Collaborative Research: CSR-EHS: Obtaining Realistic Communication and Sensing In-situ Models for Wireless Embedded Systems

合作研究：CSR-EHS：获得无线嵌入式系统的真实通信和传感原位模型

• 批准号: 0615063
• 负责人: Tian He
• 金额: $ 20万
• 依托单位: University of Minnesota-Twin Cities
• 依托单位国家: 美国
• 项目类别: Continuing Grant
• 财政年份: 2006
• 资助国家: 美国
• 起止时间: 2006-07-01 至 2008-06-30
• 项目状态: 已结题
• 来源: https://www.nsf.gov/awardsearch/showAward?AWD_ID=0615063&HistoricalAwards=false
• 关键词: Collaborative; Research; CSR; EHS; Obtaining

With the continuing advancement of MEMS technology, wireless embedded systems are deployed in various kinds of environments from well-controlled laboratories to turbulent ocean floors. System design has made simplifying and sometimes unrealistic assumptions about the resulting communication and sensing patterns. Although embedded devices are normally micro-calibrated individually before deployment, preliminary results indicate that the deployment environment is a dominating factor in communication and sensing characteristics of embedded devices. This research aims at developing a wide spectrum of modeling methodologies and related protocols for large-scale embedded systems under realistic environments. The main objective of this project lies in developing three novel modeling approaches, which complement each other and cover a large cost-benefit design space. The first is to develop a new radio irregularity model based on concepts of degree of irregularity and variance of signaling power. The second seeks a capability for abstraction of a completely repeatable physical environment, using an automated capture-and-replay process. The third features a novel way to use training events in a controlled manner to produce non-parametric realistic sensing and communication patterns. A key challenge for in-situ modeling lies in reconciling the conflict between the in-situ modeling accuracy and the related cost to build and use these models in resource-limited large-scale embedded systems. This project seeks to develop the models from the micro to macro levels where designers can choose the appropriate level of detail based on the accuracy needs, and also the models from parametric to non-parametric types where designers can choose the models with proper costs based on the available resources.

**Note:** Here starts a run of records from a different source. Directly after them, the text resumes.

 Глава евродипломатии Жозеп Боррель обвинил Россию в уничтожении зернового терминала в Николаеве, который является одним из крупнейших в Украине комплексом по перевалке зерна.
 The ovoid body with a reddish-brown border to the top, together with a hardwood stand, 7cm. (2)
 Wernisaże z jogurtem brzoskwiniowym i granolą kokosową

The models will be available via common simulation systems, enabling embedded systems designers to develop solutions based on realism and avoid an all-to-common problem found today where solutions developed by simulation don't work in the real world. This, in turn, is expected to have a major impact on embedded systems by saving development time and money and resulting in more efficient, robust, predictable and controllable systems. Research results will be evaluated using traffic-monitoring and management testbeds at the University of Minnesota and the University of Virginia.

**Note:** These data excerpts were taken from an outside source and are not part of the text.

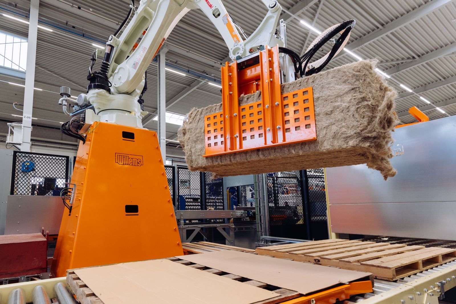 Een klant van Willems heeft tot 250 kilogram balen welke hij graag op een pallet gestapeld zou hebben, wat logistiek veel voordelen oplevert. Dit type robot in combinatie met de hydraulische grijperkop kan zelfs tot 320 kg balen liften. De balen worden ook gewogen en kunnen middels datablock worden uitgelezen door klant ten behoeve van gewichtsregistratie. De balen worden opgepakt middels een robot met hydraulische grijper. Dezelfde grijper heeft een inschakelbare vacuumkop waarmee kartonnen sheets op de pallet gelegd kunnen worden.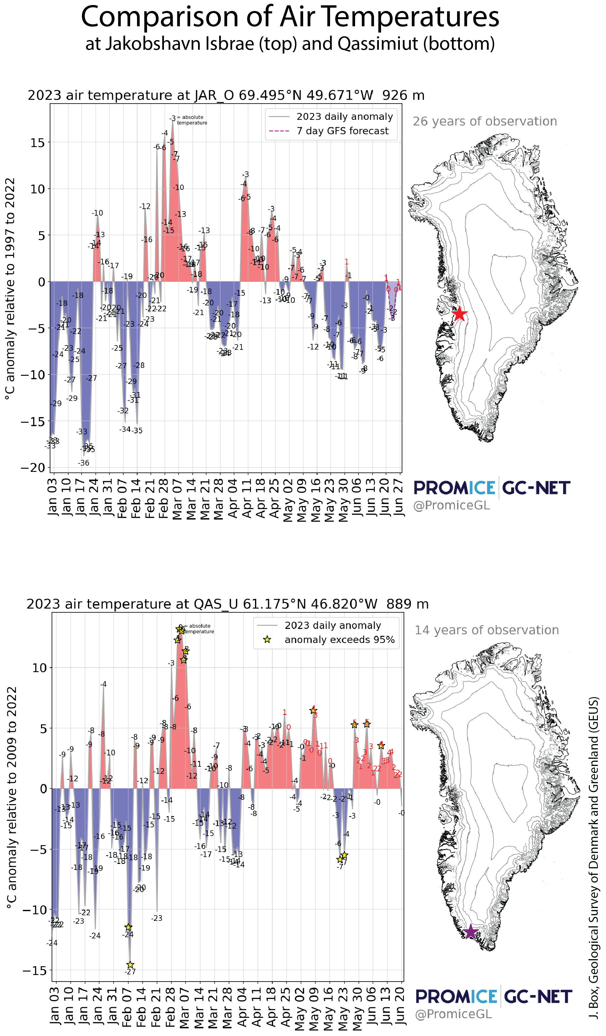 Air temperatures for the potentially over-estimated melt area discussed above has been below freezing for the entire May to June period, with a maximum temperature of -0.9 degrees Celsius (30 degrees Fahrenheit) (Figure 5). As of this post, extensive melting has now reached the area. A comparison of the difference from average conditions for two regions through June 20 indicates that the area near Jakobshavn Isbrae has had below temperatures since about May 10, whereas Qassimiut has had above average temperatures since mid-February (Figure 6).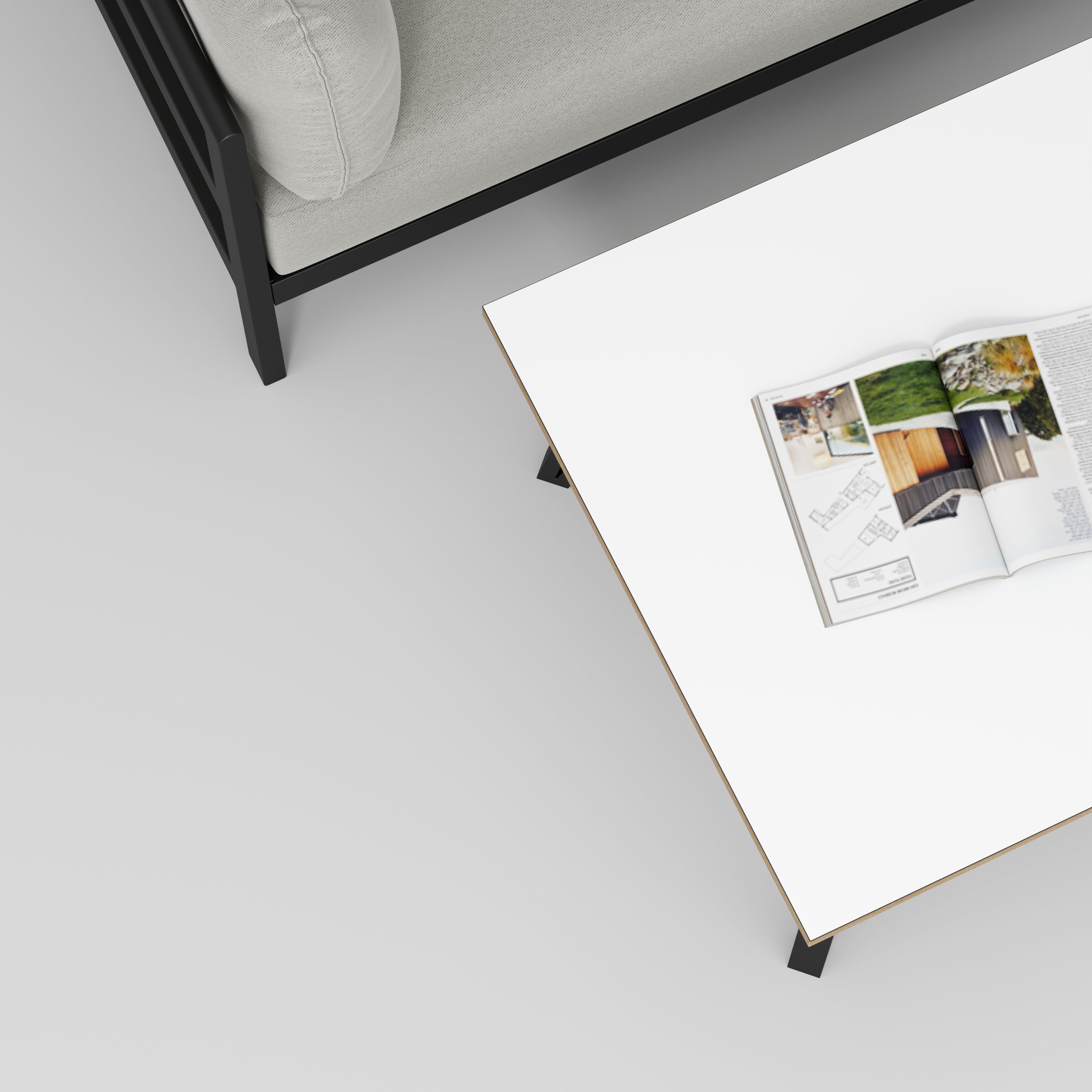Plywood Coffee Table with Black Box Hairpin Legs - Formica White - 800(w) x 800(d) x 425(h)

随着MEMS技术的不断进步，无线嵌入式系统被部署在各种环境中，从控制良好的实验室到动荡的海底。系统设计对产生的通信和感知模式进行了简化，有时甚至是不切实际的假设。虽然嵌入式设备通常在部署前单独进行微校准，但初步结果表明，部署环境是影响嵌入式设备通信和传感特性的主要因素。本研究旨在为现实环境下的大规模嵌入式系统开发广泛的建模方法和相关协议。该项目的主要目标在于开发三种新颖的建模方法，它们相互补充，覆盖了很大的成本效益设计空间。首先，基于不规则度和信号功率方差的概念，建立了一个新的无线电不规则度模型。第二种是使用自动捕获和重放过程，寻求对完全可重复的物理环境进行抽象的能力。第三个特点是一种以受控方式使用训练事件来产生非参数现实传感和通信模式的新方法。在资源有限的大型嵌入式系统中，如何协调原位建模精度与建模成本之间的矛盾是原位建模面临的一个关键挑战。本项目寻求从微观到宏观的模型开发，设计师可以根据精度需求选择合适的细节级别，以及从参数到非参数类型的模型，设计师可以根据可用资源选择合适的成本模型。这些模型将通过通用仿真系统提供，使嵌入式系统设计人员能够开发基于真实感的解决方案，并避免目前发现的由仿真开发的解决方案在现实世界中不起作用的普遍问题。反过来，预计这将通过节省开发时间和金钱并产生更高效、健壮、可预测和可控的系统来对嵌入式系统产生重大影响。研究结果将通过明尼苏达大学和弗吉尼亚大学的交通监控和管理测试平台进行评估。